In this week, seven years ago, I posted an entry called Happiness: Finding the Way. Yesterday, I wrote in an offering from Write Around the World for Amherst Writers & Artists. There are sessions going on until May 31. I was given a writing prompt that caused me to revisit my earlier blog post. The prompt: Imagine walking through a door that leads to your heart. Describe what you experience there. I was given fifteen minutes to respond. Here is what I wrote.
I imagine a pathway of steppingstones, white stones in brown earth, leading to a small rounded wooden door. It’s a hobbit door, an Alice-in-Wonderland door, a door almost-but-not-quite covered in dark green ivy leaves. I brush the leaves aside.
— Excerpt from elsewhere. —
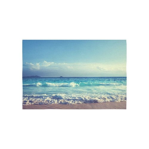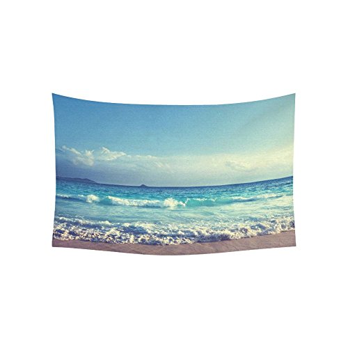 InterestPrint Ocean Wave Decor Collection, Seychelles Beach in Sunset Time, Navy Blue White Tapestry Home Decor Wall Hanging Art Sets 60 X 40 Inches

The knob turns easily, and the door opens inward to a dark passageway. Once through the dark, I enter a huge atrium filled with white natural light. I have a choice of four chambers to enter, one for each of the ancient elements: earth, water, fire, and air.
Earth
I enter the earth chamber first, into a pleasant earthy smell, what I used to smell when I dug in the earth as a child, when each fingernail had a line of black earth. It was a difficult task for my mother to get my hands pink and wrinkly again after soaking in water.
Water
I enter water, the second chamber. There is a roaring waterfall in this chamber. The sound is loud and the cold spray of water on my face is bracing. I feel inexplicably happy, giddy, filled with laughter. The waterfall has given me back my voice, the one I silenced so long for fear of the harm my words could do to others.
I was wrong. Others needed to hear the truth, the truth told skillfully and kindly. It’s taken most of my lifetime to learn these skills, but I take them as a gift, a gift given by a fairy-tale grandmother, the crone I met in the fire chamber.
Fire and Air
When I entered the third chamber, she was sitting on a log in the heart of a dense forest. Woodsmoke smell, sparks flying up into the air, a crackling sound. The woman was sitting still, wrapped in a dark shawl, her eyes glittering with the reflected fire.
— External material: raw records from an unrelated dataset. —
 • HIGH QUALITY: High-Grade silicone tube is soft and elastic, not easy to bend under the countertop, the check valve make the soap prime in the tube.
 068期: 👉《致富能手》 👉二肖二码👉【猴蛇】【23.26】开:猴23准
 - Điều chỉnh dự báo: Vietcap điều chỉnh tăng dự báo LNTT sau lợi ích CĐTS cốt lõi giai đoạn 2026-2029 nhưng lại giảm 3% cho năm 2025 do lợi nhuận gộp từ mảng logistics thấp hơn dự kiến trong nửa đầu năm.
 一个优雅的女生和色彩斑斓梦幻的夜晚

I bowed my goodbye to her and walked back through the bright atrium to the fourth chamber, air. This room was filled with a rush of wind, cleansing wind blowing away all the dust and cobwebs that used to line this chamber. I move my hands, palms together, up to my chest in prayer position, in a position of gratitude. Thank you, I say.
And my fifteen minutes was up. This was the first time in seven years that I’d returned to this visualization of what’s in my heart, and I was encouraged to know that, emotionally and spiritually, my heart is healthier now than it was then.